Allegro

Threats or Art?

The Supreme Court's recent decision in not a victory for free speech...it's a victory for bullies

Volume 115, No. 9September, 2015

Jennifer Hoult

I agree with fellow attorney Harvey Mars’ message that it is important that the law distinguish between art and criminal speech. However, as a professional musician, attorney, former NYC prosecutor and licensed rape crisis/trauma counselor with decades of experience handling cases involving sexual and domestic violence, harassment and stalking, I disagree with Harvey’s legal analysis that certain speech by Anthony Douglas Elonis and the rap artist Eminem should be legally protected as “art.” (See Harvey’s articles in the April 2015 and July/August 2015 issues of Allegro.)

American law, including the First Amendment and various statutes, does not protect threatening speech. N.Y. Penal Code §240.26(3), for example, deems it crime to “engage[ ] in a course of conduct or repeatedly commits acts which alarm or seriously annoy such other person and which serve no legitimate purpose.” Art, like political speech, is a recognized as a “legitimate purpose.”

The question is: When is a threat “art” and when it is a criminal act?

Stalkers, bullies, domestic violence perpetrators, sex offenders and terrorists often use threats as a weapon to terrorize their victims. These criminals gain sadistic pleasure from tormenting their victims by making them live in fear. Publication on social media and the Internet adds to the thrill of bullying, terrorizing and humiliating victims before an international audience. Sometimes after one person instigates the published attack, members of the public join in and create a feeding-frenzy atmosphere where the victim finds himself or herself attacked by many people in an international public forum. The effect on victims is often devastating.

Anthony Douglas Elonis was enraged at his ex-wife, who left him “and took the kids.” He published threats to murder her, along with specific details about her home and its environs, and how he could best effect his attack.

The rapper Eminem publicly threatened to “punch Lana Del Rey right in the face twice, like Ray Rice in broad daylight in the plain sight of the elevator surveillance/’Til her head is banging on the railing, then celebrate with the Ravens.” (Search YouTube for “Ray Rice elevator” to see the act of violence he threatened to mimic.) Eminem previously pled guilty to a criminal offense after being criminally charged for using a gun to assault a man he saw kissing his estranged wife. So he is both an artist and a convicted criminal.

Would you be “alarmed” or “seriously annoyed” if a man who had a violent criminal history personally threatened to knock you unconscious à la Ray Rice? Or if your ex-spouse published a threat to kill you in your home, along with your home address, and a description of how to circumvent your home security system to commit the attack? Might you find it hard to sleep at night knowing that everyone on the Internet had been provided with a blueprint for breaking into your home?

If these men’s words were “art,” what artistic statements were they making?

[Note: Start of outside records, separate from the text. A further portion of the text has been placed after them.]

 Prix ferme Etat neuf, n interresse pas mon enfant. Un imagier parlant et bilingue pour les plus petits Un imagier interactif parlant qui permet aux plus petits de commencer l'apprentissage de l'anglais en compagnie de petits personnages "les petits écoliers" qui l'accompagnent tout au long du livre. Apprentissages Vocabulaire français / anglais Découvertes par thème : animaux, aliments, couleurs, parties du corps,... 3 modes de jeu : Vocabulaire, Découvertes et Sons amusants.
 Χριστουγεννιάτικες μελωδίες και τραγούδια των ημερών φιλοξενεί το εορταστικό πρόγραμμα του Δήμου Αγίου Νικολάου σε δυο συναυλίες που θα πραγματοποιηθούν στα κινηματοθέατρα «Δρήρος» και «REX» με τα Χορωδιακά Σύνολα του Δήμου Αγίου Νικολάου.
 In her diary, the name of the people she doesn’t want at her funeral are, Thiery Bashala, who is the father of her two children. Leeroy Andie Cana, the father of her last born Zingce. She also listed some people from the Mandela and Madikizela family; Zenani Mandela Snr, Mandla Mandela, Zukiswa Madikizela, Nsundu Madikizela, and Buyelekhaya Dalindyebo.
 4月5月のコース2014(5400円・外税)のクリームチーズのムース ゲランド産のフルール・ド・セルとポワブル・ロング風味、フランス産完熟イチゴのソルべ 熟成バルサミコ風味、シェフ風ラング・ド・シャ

Were you ever threatened or taunted by a schoolyard bully, colleague, lover, neighbor or spouse? Did their threats alarm or seriously annoy you? Do ISIS videos threatening to behead opponents and videos of actual beheadings annoy or alarm you? When the KKK burns a cross on a lawn do you consider it to be political speech or art – or a terroristic threat? Do you think snuff films are “art”?

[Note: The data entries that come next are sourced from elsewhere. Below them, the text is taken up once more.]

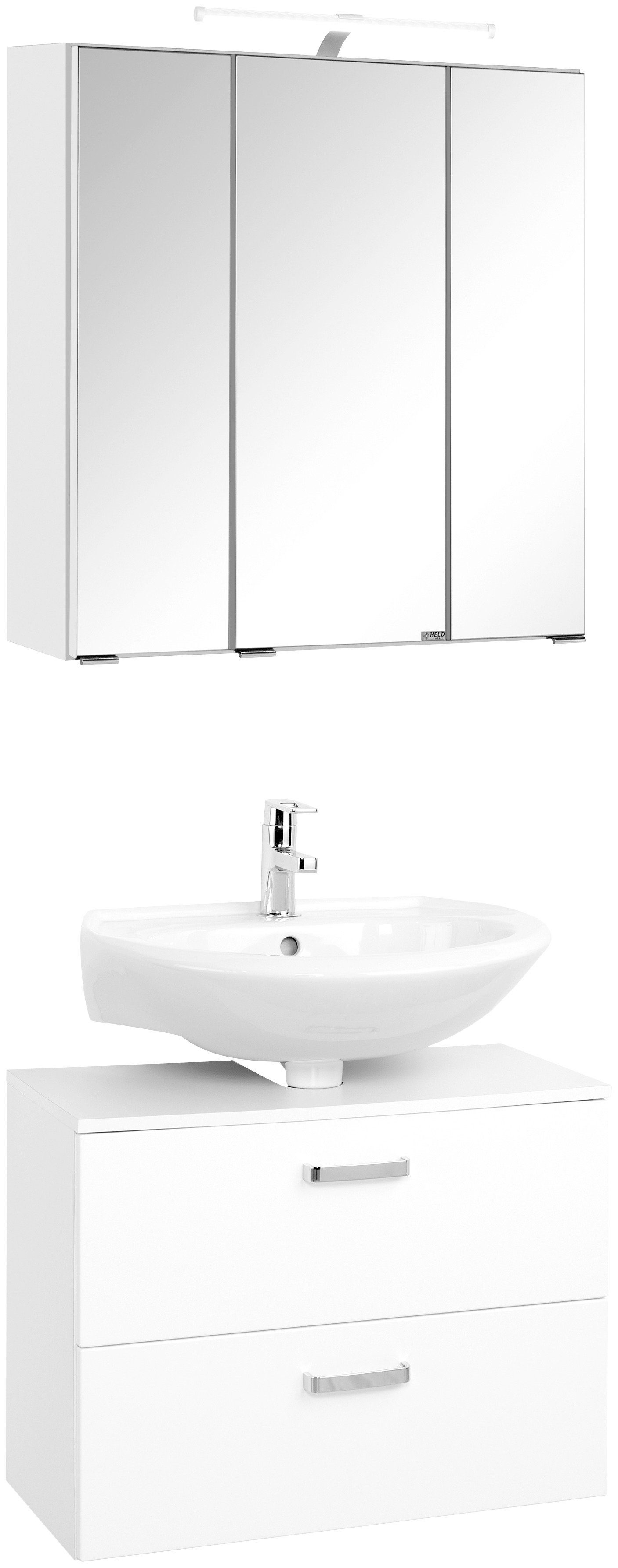 Wissenswertes | Produktdetails Gesamtbreite: 70 cm Frontmaterial: MDF Softclose: Ja Lieferhinweis: Lieferung ohne Dekoration und Armatur. Все Maße sind ca. Angaben Set bestehend aus: 1 x Waschbeckenunterschrank, 1 x Spiegelschrank Setdetails Spiegelschrank Maße (B/T/H): 70/20/64 cm Art: 3D-Spiegelschrank Anzahl Türen: 3 Stk. Anzahl Einlegeböden: 6 Stk. inkl. Leuchtmittel: Ja Anzahl Leuchtmittel: 1 Stk. Verbrauch: 4,5 W Leuchtmitteltyp: LED Schalter: Ja Steckdose: Ja Zusatzinformationen: Inkl. Konverter Waschbeckenunterschrank Maße (B/T/H): 70/35/54 cm Siphonausschnitt: Ja Anzahl Türen: 1 Stk. Anzahl Schubladen: 1 Stk. Hinweise Montage: Selbstmontage inkl. Aufbauanleitung Herstellergarantie: 5 Jahre auf Konstruktions- und Verarbeitungsqualität Dekor: graphitfarben, weiss glanz Modellbezeichnung: Dorina Dekor: weiss glanz Modellbezeichnung: Dorina |
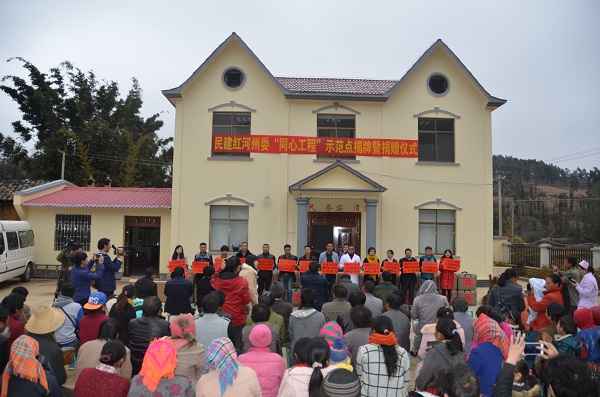 蒙自市芷村镇黑拉冲村委会大锡厂村,距离蒙自市区不到40多公里,却和市区有着天壤之别,土路、危房,与市区的繁华形成鲜明对比,这,是一个深度贫苦的苗族村落。为贯彻“小康路上一个都不能掉队!”的习近平总书记的要求,为助大锡厂村实现脱贫奔小康,民建红河州委2016年初将其确定为重点帮扶村寨,挂牌成立了民建红河州委“同心工程”示范点。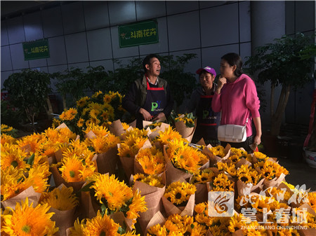 “随着清明节的临近,市场内的菊花价格逐渐上涨,原来黄菊花卖10元一把,现在卖15元一把。并且,前来买菊花的人数明显增多,我今天一早上就卖出了近100把菊花。”斗南花卉市场张女士介绍,因为目前市场上的菊花数量不多,预计随着清明节的到来,市场内菊花价格还将继续上涨。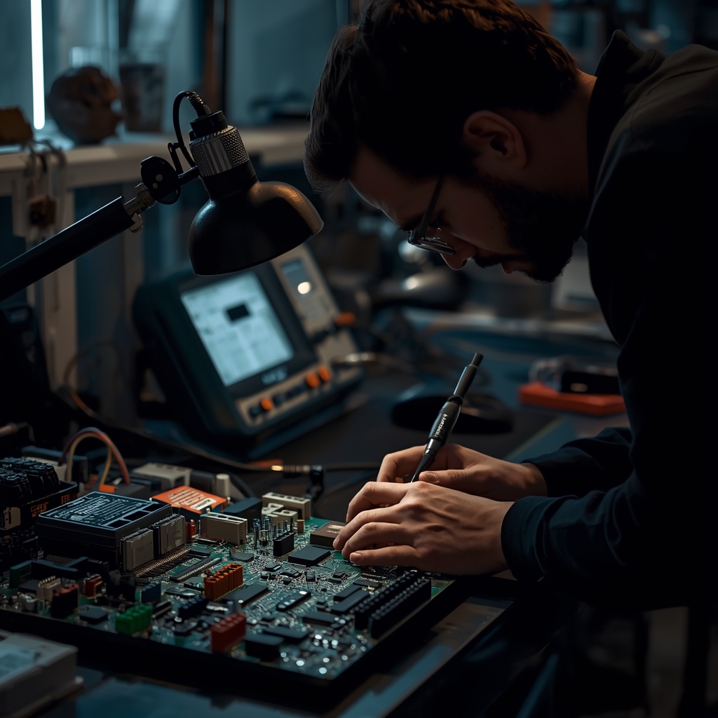 Precyzyjna naprawa w laboratorium elektronicznym z oprzyrządowaniem przemysłowym.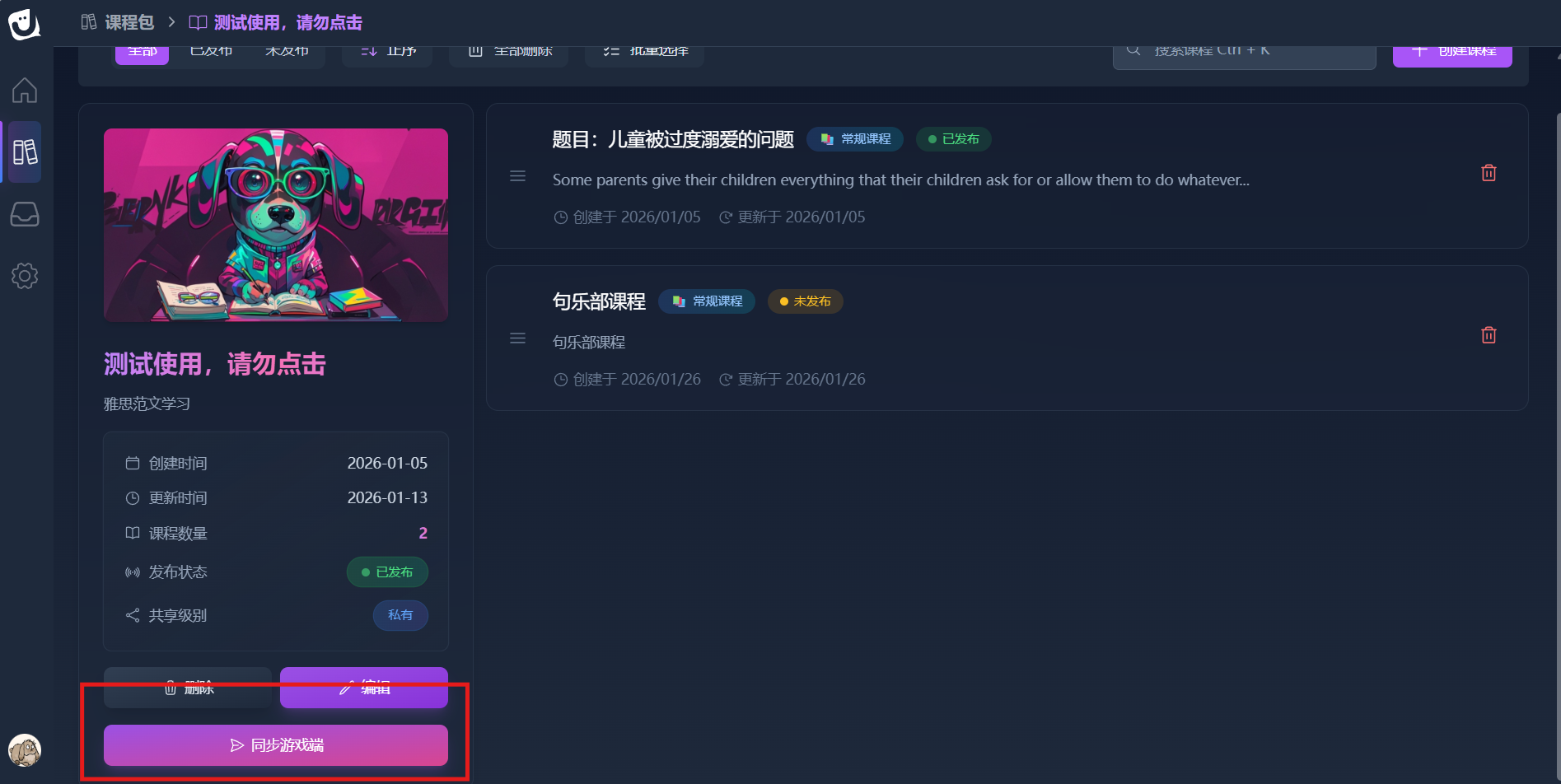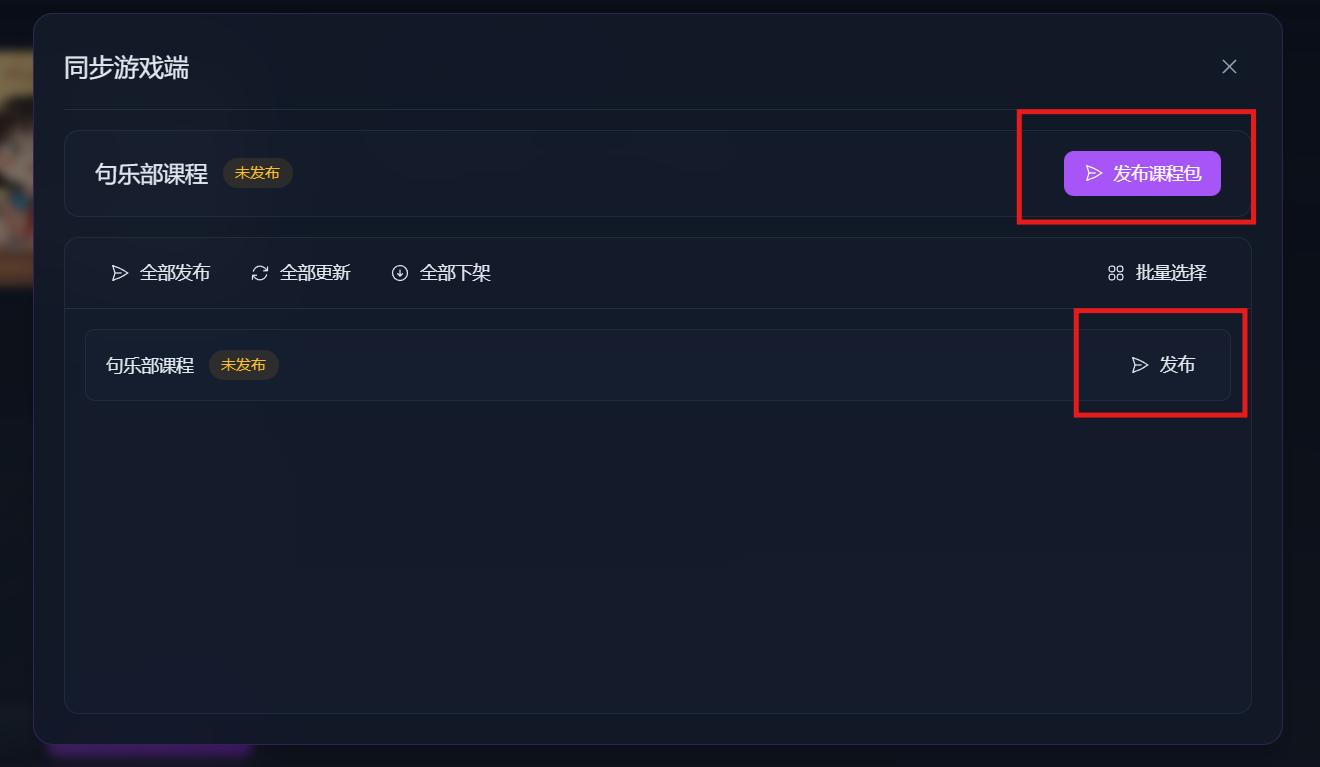 课程编辑完成后,返回课程包页面,点击左下角同步游戏端。

The law expresses our collective view about the society we want to live in and share. The question is: do you want to live in a society where a person who terrorizes you, or someone you care about, is legally protected because he calls his threats “art”? What kind of threats do you want the law to protect?

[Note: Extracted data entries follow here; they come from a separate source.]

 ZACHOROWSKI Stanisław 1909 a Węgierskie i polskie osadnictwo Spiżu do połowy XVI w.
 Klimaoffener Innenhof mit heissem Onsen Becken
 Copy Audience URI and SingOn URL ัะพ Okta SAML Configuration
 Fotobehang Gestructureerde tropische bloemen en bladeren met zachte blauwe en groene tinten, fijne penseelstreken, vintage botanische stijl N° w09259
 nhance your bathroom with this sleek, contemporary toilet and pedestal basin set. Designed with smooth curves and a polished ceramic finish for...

Consider: violence against women and children is the largest criminal violence epidemic in our society. Forty percent of women around the globe are victims of domestic violence. Twenty-five percent of American girls and 16 percent of American boys, are victims of sexual violence before they turn 18. As many as 50 percent of American women will be victims of sexual violence in their lifetimes. Crimes like cyber-bullying, and “revenge porn” are increasing. Each of us knows victims. They are your family members, neighbors, colleagues and friends. Having interviewed many men, women and child victims of these crimes, I can attest to the devastating harm caused when criminals use threats to force their victims to live in fear.

In my opinion, the Supreme Court’s Elonis decision created a “my threat is art” defense, seriously eroding legal protections for victims of harassment, menacing and stalking. Harvey calls the Elonis decision a victory for free speech. As a lawyer, I call it a victory for psychological terrorists.

As a professional artist, I believe the decision demeans the meaning of “art.” It appropriates a term that, for me, represents thousands of years of human endeavor to create beauty, inspiration, and powerful social critique, and transforms the word “art” into a defense for crimes of psychological terror.

The job for those who create and interpret the law is to decide where to draw the line. Consider where you think that line should be drawn.

Harvey Mars replies: I do not disagree with Ms. Hoult’s basic criticisms of my analysis of the results of the Elonis decision. However, I believe the decision was the correct one given the fact that the statute as initially interpreted excluded the essential “mens rea” (criminal intent) component of a criminal act. As applied, the statute only could serve to establish civil liability. However, it still remains to be seen whether or not Mr. Elonis will be reconvicted given the clarification rendered by the Supreme Court.